SUPPLIED DATA:
_ _ _ _
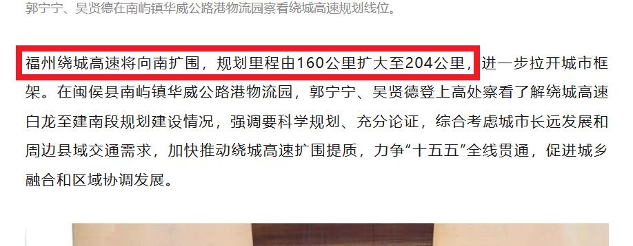 目前官方明确报道,绕城高速将向南扩围,里程由160 公里→204 公里,纳入福清、闽侯南屿、南通等区域,拉大城市框架。
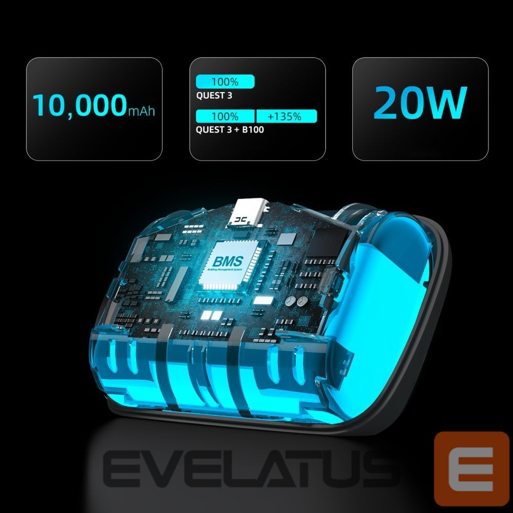 - Provides longer working time and fast charging . The compatible B100 battery with a capacity of 10,000 mAh offers additional working time for Meta Quest 3 and charging power of up to 20W.
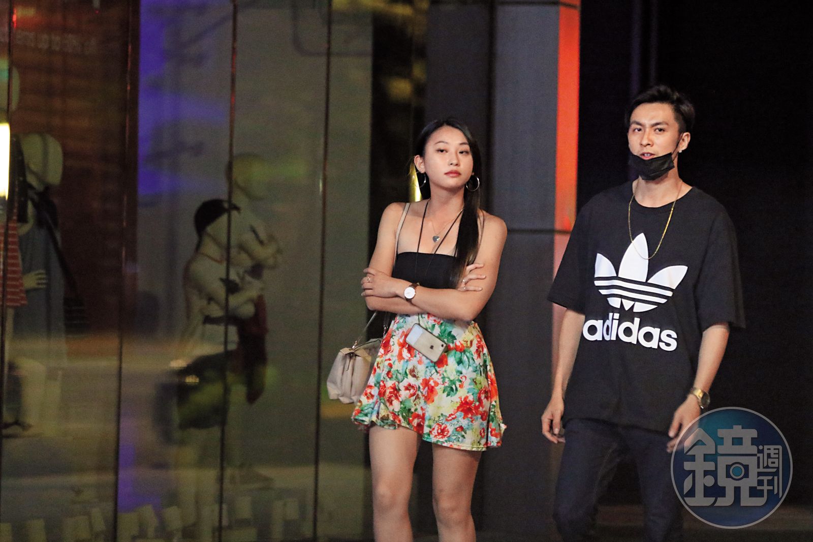 張雁名帶著新妹子一同上計程車,驅車到信義區的夜店,在等待入場時,張雁名趁著四下黑漆漆,一把牽起花裙妹的手,顯見2人關係並不尋常,直至深夜都未再見他們從夜店離開。
_ _ _ _
ACTION ITEM: Everything in the listing must be copied exactly except the pictures.

EXERCISE OUTPUT:
 目前官方明确报道,绕城高速将向南扩围,里程由160 公里→204 公里,纳入福清、闽侯南屿、南通等区域,拉大城市框架。
 - Provides longer working time and fast charging . The compatible B100 battery with a capacity of 10,000 mAh offers additional working time for Meta Quest 3 and charging power of up to 20W.
 張雁名帶著新妹子一同上計程車,驅車到信義區的夜店,在等待入場時,張雁名趁著四下黑漆漆,一把牽起花裙妹的手,顯見2人關係並不尋常,直至深夜都未再見他們從夜店離開。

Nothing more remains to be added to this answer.